I want to highlight this paragraph from the post:
> Here at Google Cloud, we want to provide customers with the best cloud for every ML workload and will offer a variety of high-performance CPUs (including Intel Skylake) and GPUs (including NVIDIA’s Tesla V100) alongside Cloud TPUs.
We fundamentally want Google Cloud to be the best place to do computing. That includes AI/ML and so you’ll see us both invest in our own hardware, as well as provide the latest CPUs, GPUs, and so on. Don’t take this announcement as “Google is going to start excluding GPUs”, but rather that we’re adding an option that we’ve found internally to be an excellent balance of time-to-trained-model and cost. We’re still happily buying GPUs to offer to our Cloud customers, and as I said elsewhere the V100 is a great chip. All of this competition in hardware is great for folks who want to see ML progress in the years to come.

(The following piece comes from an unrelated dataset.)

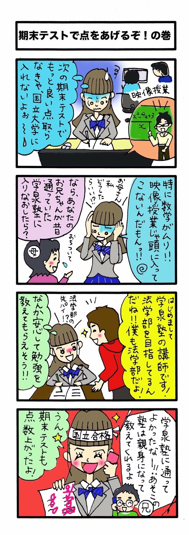 また、これまでの失敗経験からのアドバイスや克服法だけでなく、 新しい情報やテスト対策など実践的な話をリアルタイムで聞くこと ができるというのも、学生ならではのメリットだと考えます。

AMD hopefully has a team writing such patches now. It makes business sense for them to do so.
Google is getting even more price gouging from Nvidia than the general public, and has even more incentive to level the playing field.
We know V100 is FP16/FP32 on their tensor cores, when will you follow suit?
Edit: sort of, from https://www.theregister.co.uk/2017/12/14/google_tpu2_specs_i...
"32-bit floating-point precision math units for scalars and vectors, and 32-bit floating-point-precision matrix multiplication units with reduced precision for multipliers."
So what does "reduced" mean exactly?
Once DX9 was split into DX9b and c that “advantage” went away and NVIDIA proved that 16/32 bit was better, something that ATI also had to adopt once MSFT told them enough is enough.
24bit is only better as long as it can do everything 32bit can do and it’s advantageous to build a hardware with 24bit FPUs instead of 32bit FPUs that can also do 2x16bit ops per cycle.
Basically if the silicon cost allow you to put far more 24bit FPUs than 32/16bit ones.
And history proved that this isn’t the case.
For gaming eventually even 2:1 FPUs went away since they are costlier than only 32bit FPUs with promotion.
Maybe in the future we’ll have a 24bit FPU that can also do 3 8bit ops or 16bit+8bit op per cycle if it will be more beneficial than the current 2:1 16/32bit model.
Lower. Network. Egress. Pricing. By. Two. Orders. Of. Magnitude.
Market rate is close to $1 per TB outbound. Your rate is $80-$120 per TB. That's just embarrassing.
Any plans for ryzen?
But I’d like to note that even if we were to use parts internally at Google (or not!), that for Cloud what matters is market demand. If there really was enormous customer demand for say ARM64, then we would look into it, even if the rest of Google wasn’t interested.